12 - Feed Forward Neural Networks

Review of Linear Regression

  • Purpose: Fit to a dataset of m examples.

  • Gradient Descent:

    • Updating parameters, $ heta$, according to the negative of the gradient.

  • Methods of Gradient Descent:

    • Batch Gradient Descent: Updates parameters once per epoch.

    • Stochastic Gradient Descent: Updates parameters for each example.

  • Optimization Problem: Essential to identify parameters that minimize the loss.

Review of Logistic Regression

  • Objective: Fit model to a dataset of m examples using logistic function.

  • Maintain the same gradient descent approach as linear regression with an emphasis on binary outcome predictions.

Review of Softmax Regression

  • Focus: Fit model to m examples using the softmax function to produce probabilities.

  • Follows similar gradient descent principles as above.

  • Importantly involves one-hot encoding for categorical outputs.

Notation and Model Structure

  • Logistic Regression Notation:

    • Input features include variables such as square footage (SF) and number of bedrooms (BR).

  • Model Complexity:

    • Observations indicate that the model can be restricted.

    • A more nuanced representation requires interaction terms or deeper learning.

Neural Network Architecture Overview

  • Basic Structure:

    • Layers in a neural network include input, hidden, and output layers.

  • Forward Propagation:

    • Data flows from input layer through hidden layers to the output layer.

    • Each layer has its activation functions defined.

  • Activation Functions:

    • Common to have unique activation functions for different layers in the network.
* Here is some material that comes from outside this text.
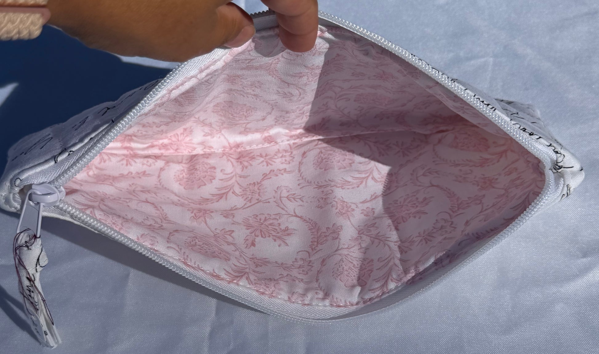 Fully lined with a soft pink floral patterned fabric that adds a delicate feminine touch. The spacious interior is perfect for organizing cosmetics, pens, pencils, crafting supplies and more.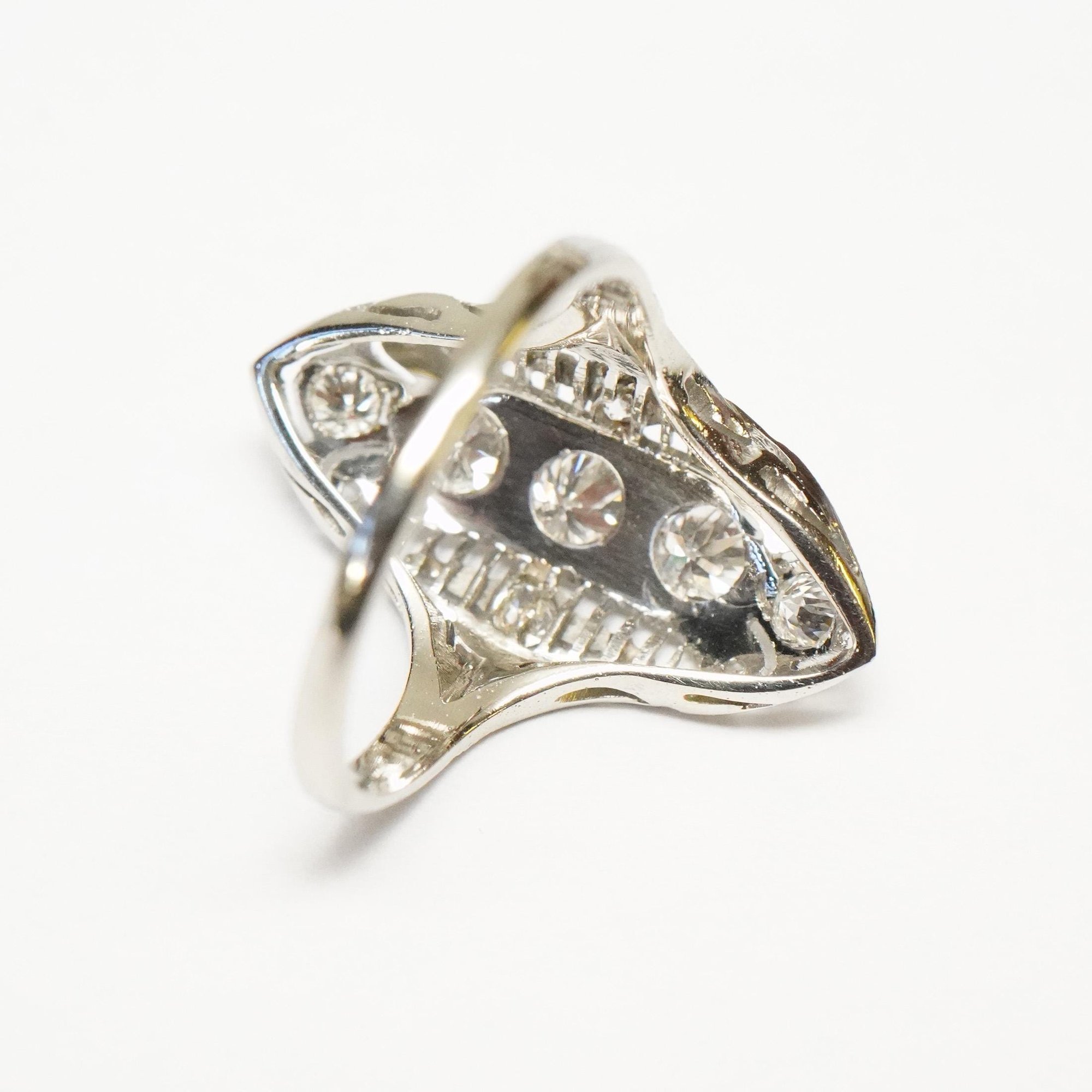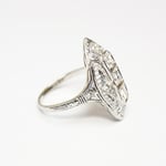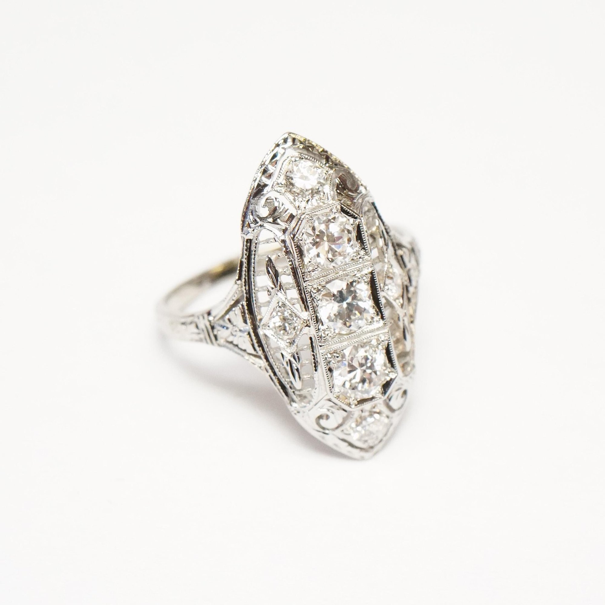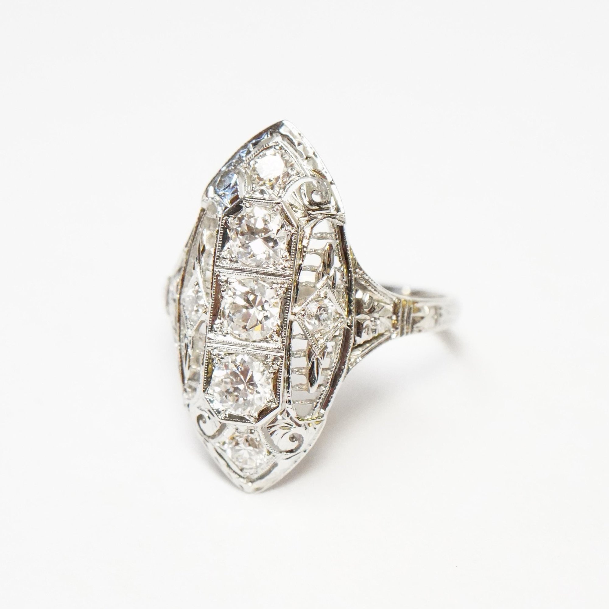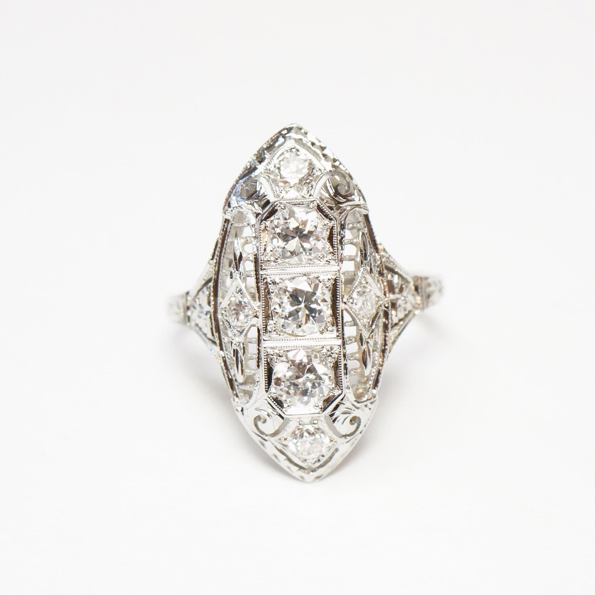 Original product name: Edwardian Style 18k White Gold, Diamond Filigree Ring - ~.70ct Total Weight in Diamonds - Mid Century Era, but Edwardian Style

Hidden Units in Neural Networks

  • Function of Hidden Units:

    • Each hidden unit is designed to learn various relationships and patterns from input data.

    • Individual interpretation of units can be complex or non-intuitive.

  • Architecture Design: Understanding intentions through training data and architecture design is essential for outcomes.

Feed Forward Neural Networks (FFNN)

  • Configuration:

    • Fully connected layers where each unit's activations contribute to subsequent layers.

    • FFNNs do not loop back activations and maintain a directed flow.

    • In traditional contexts, an FFNN with only one layer of hidden neurons is considered shallow.

Activation Functions

  • Output Layer Activation Functions:

    • Sigmoid Function: Primarily used for binary classification producing a single probability output.

    • Linear Activation: Outputs a single value for regression tasks.

    • For multiple output units, the softmax function enables multiclass classification probabilities.

  • Softmax Activation:

    • Outputs a probability distribution across K classes, particularly effective in multiclass settings.

Multiclass Vs. Multilabel Classification

  • Multiclass Classification:

    • Mutually exclusive classes with one prediction attempt (e.g., softmax probabilities).

  • Multilabel Classification:

    • Non-exclusive predictions possible with simultaneous activations on separate outputs.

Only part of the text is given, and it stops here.